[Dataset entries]
# # # #

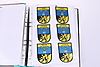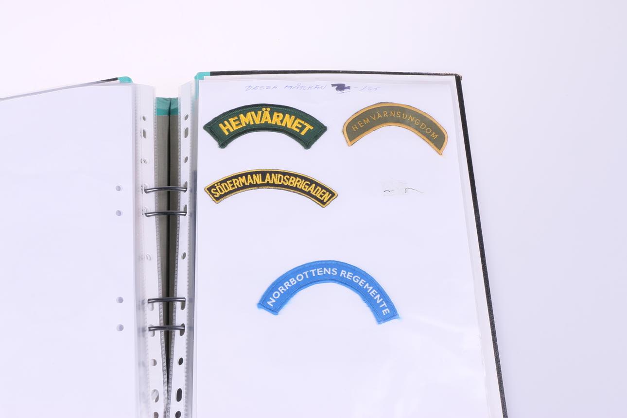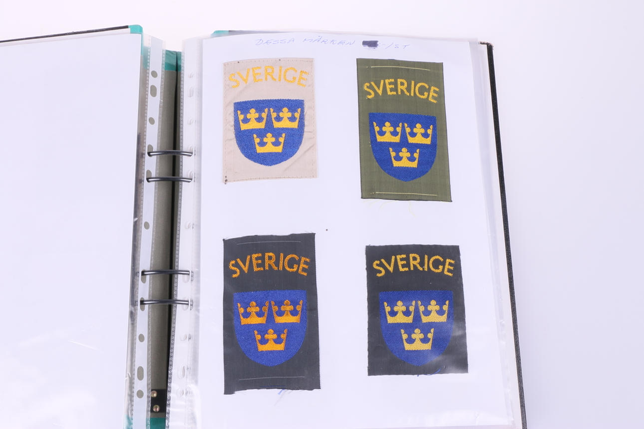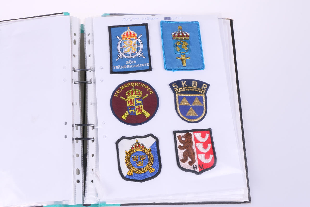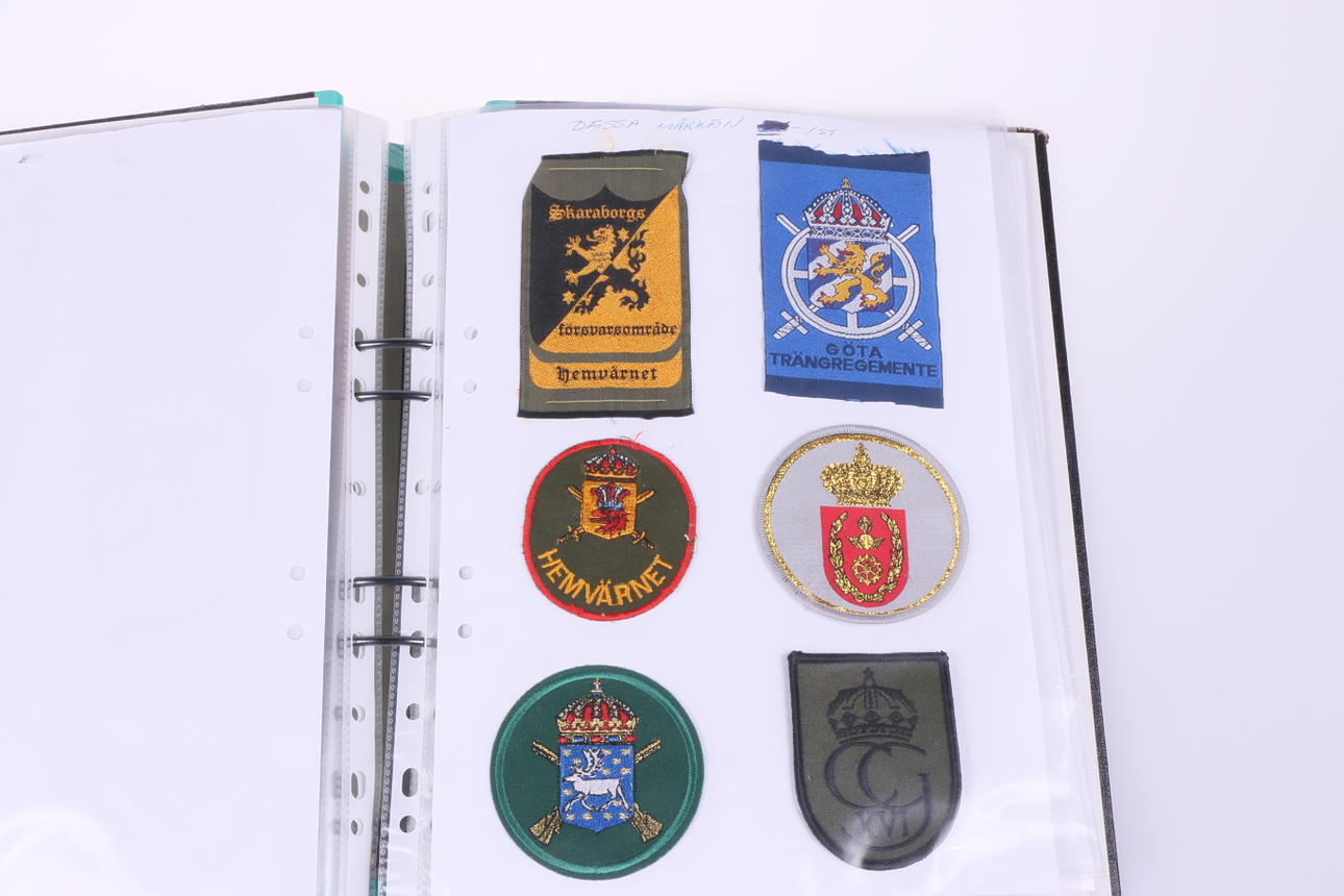 46 tygmärken från militär. Sitter i pärm.
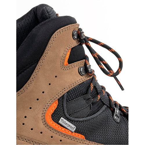 Gefertigt aus 1,8 mm starkem italienischem Nubukleder kombiniert mit abriebfestem ballistischem Gewebe bieten sie Sicherheit und Flexibilität. Ein rundum verlaufender Gummirand schützt Zehen und Seitenpartien vor Stößen und Abrieb.
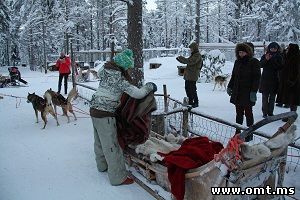 Не менее интересной была и поездка на оленью ферму. Она расположена примерно в восьми километрах от центра Леви, поэтому особого утомления дорога ни у кого не вызвала. Хозяйка фермы Йоханна Хайтанер оказалась очень радушным человеком. Никто не остался без внимания. Йоханна и ее помощники, одетые в национальные саамские костюмы, с радостью откликались на любую просьбу гостей. Здесь каждый смог пообщаться с оленями, прокатиться с ветерком в упряжке и сделать снимки на память.
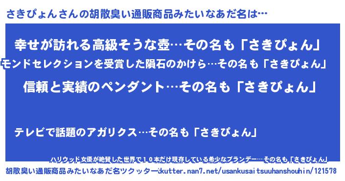 | 意味不明あだ名 | 『とにかく怪しいさきぴょん』 |
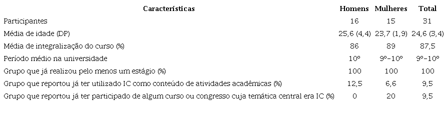 Esta pesquisa contou com a participação de 31 graduandos do curso de licenciatura em educação física de uma universidade federal do Rio de Janeiro. A média de idade foi de 24,6 anos (DP=±3,4). A média de porcentagem de integralização do curso foi de 87,5%. O período médio que os sujeitos se encontravam na universidade estava entre o nono e o décimo períodos, e 100% da amostra já havia realizado pelo menos um estágio supervisionado obrigatório. Apenas 9,5% dos participantes reportaram ter realizado atividades acadêmicas nas quais a imagem corporal era o conteúdo principal da intervenção. Outros dados sociodemográficos podem ser visualizados na Tabela 1 .
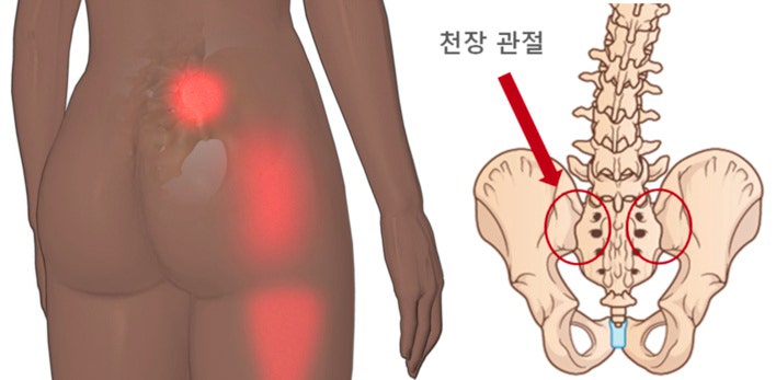 천장관절 증후군은 천장관절이 뻣뻣해져서 생기는데 천장관절이 뻣뻣해지면 관절면에 있는 연골이 더 섬유화되어 근육조직에 착상하게 되고 결국 천장관절은 시멘트로 두들겨 맞은 것과 같다. 시멘트. 굳어지면 관절 기능 장애가 발생하여 주변 근육의 지속적인 수축을 일으켜 통증을 유발합니다.
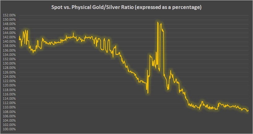 The above chart shows the percentage premium of the spot vs. physical gold/silver ratio.

# # # #

TASK ITEM => Each entry above should be printed exactly, and any picture in it left out.

ANSWER SECTION =>
 46 tygmärken från militär. Sitter i pärm.
 Gefertigt aus 1,8 mm starkem italienischem Nubukleder kombiniert mit abriebfestem ballistischem Gewebe bieten sie Sicherheit und Flexibilität. Ein rundum verlaufender Gummirand schützt Zehen und Seitenpartien vor Stößen und Abrieb.
 Не менее интересной была и поездка на оленью ферму. Она расположена примерно в восьми километрах от центра Леви, поэтому особого утомления дорога ни у кого не вызвала. Хозяйка фермы Йоханна Хайтанер оказалась очень радушным человеком. Никто не остался без внимания. Йоханна и ее помощники, одетые в национальные саамские костюмы, с радостью откликались на любую просьбу гостей. Здесь каждый смог пообщаться с оленями, прокатиться с ветерком в упряжке и сделать снимки на память.
 | 意味不明あだ名 | 『とにかく怪しいさきぴょん』 |
 Esta pesquisa contou com a participação de 31 graduandos do curso de licenciatura em educação física de uma universidade federal do Rio de Janeiro. A média de idade foi de 24,6 anos (DP=±3,4). A média de porcentagem de integralização do curso foi de 87,5%. O período médio que os sujeitos se encontravam na universidade estava entre o nono e o décimo períodos, e 100% da amostra já havia realizado pelo menos um estágio supervisionado obrigatório. Apenas 9,5% dos participantes reportaram ter realizado atividades acadêmicas nas quais a imagem corporal era o conteúdo principal da intervenção. Outros dados sociodemográficos podem ser visualizados na Tabela 1 .
 천장관절 증후군은 천장관절이 뻣뻣해져서 생기는데 천장관절이 뻣뻣해지면 관절면에 있는 연골이 더 섬유화되어 근육조직에 착상하게 되고 결국 천장관절은 시멘트로 두들겨 맞은 것과 같다. 시멘트. 굳어지면 관절 기능 장애가 발생하여 주변 근육의 지속적인 수축을 일으켜 통증을 유발합니다.
 The above chart shows the percentage premium of the spot vs. physical gold/silver ratio.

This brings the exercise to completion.